Ojii-San Itoigawa, Rural Niigata Prefecture Japan 1994 to today in Kuwait
By Kevin Stoda
-Preface-
"Have you understood?" means "Wakarimashitaka?" in the Japanese language.
Similarly, "Hai, wakarimashita" in Japanese means "Yes, I have understood". One sociologist in the 1970s observed that communication should be defined as "the negotiation of meaning".
With such a definition, it might then be claimed that when two communicators can correctly ask "Do you understand?" and correctly and truthfully answer saying "I understand" or "I have understood" that successful negotiation of meaning between them has taken place.
This search for truthfully-negotiated meaning between peoples of all cultures is what drives many individuals to learn other languages, to travel, and meet people of other races in all corners of the globe. It is the lifelong search of the main protagonist and storyteller of this writing. It is this search for a common or communal exchange of "Wakarimashitaka?" and "Hai, wakarimashita" that drives the storyteller in how he or she responds to communication in different foreign languages.
For this particular writing it is, however, also important to note that "internationalization" is a movement in Japan similar to the "multicultural movement" that had already enveloped the narrator's own country, America, a decade or two earlier. Internationalization in Japan focuses on making the land of Japan's people less parochial and more able to work, live, and converse more comfortably in the international community.
The modern internationalization movement in Japan had a historical precedent in late 19th Century Japan.
In the period after the Restoration of the Emperor, following a two decade long civil war, starting in the 1870s both the Japanese government and private individuals en masse were encouraged for the first time in over two centuries to go outside of their own country to learn languages and explore the globe. Their mission was to modernize Japan and to bring modern science, cultural information, as well as educational and technical training back to their country.

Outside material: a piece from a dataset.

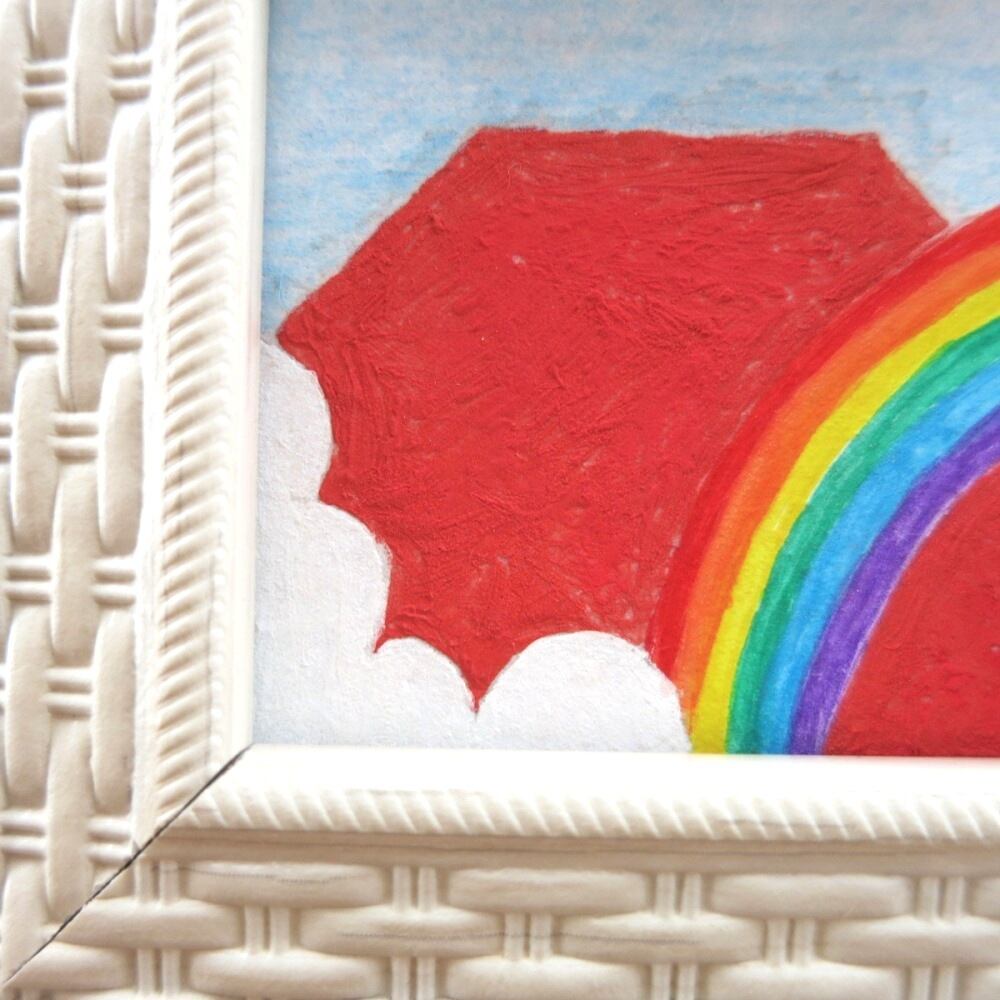【日本画原画】赤富士と虹と雲 絵画 ミニ額付き ミニアートパネル インテリアアート

Within thirty years Japan had succeeded in its mission beyond the Western world's wildest dreams.
Japan's best and brightest citizens had gone out and done what no other non-European country had ever done before. They, the Japanese of that Era, had managed to learn about all the major scientific, industrial, and technological breakthroughs of the West that had occurred over the previous millennia. Furthermore, they learned and studied western literature, politics, and theater in many different foreign languages.
However, once all these major advances had been acquired (and were then subsequently later translated back into Japanese), the statesmen of Japan and the people of Japan either intentionally or by neglect stopped learning foreign languages for communicative purposes and simply began to use English, German, and other languages for reading and researching, i.e. much as medical students who need to learn Latin do.
In other words, learning another language in Japan became simply a matter of rote-learning. Students were forced to cram for an exam but they were never asked to study the vocabulary again--nor were they regularly asked to communicate in that foreign tongue in order to engage in any controversial or thought provoking discussion or debate. The fact was that in Japanese schools for nearly the first 9 decades of the 20th Century, English and other foreign languages-if taught at all-- were generally taught in Japan as dead language or unspoken-tongue.
Before the storytelling begins it should also be noted that the narrator of most of the story goes by the name of 'Kansas', which means "people of the south wind" in one of the native American languages of the great plains.
The name suits the storyteller well as, like the Plains Indians of the old American West, he was blown and traveled to many new places to set up again-and-again a new livelihood. In his journeys, his ways of living and communicating during his life's journey, of course, also changed as did his own personal narration.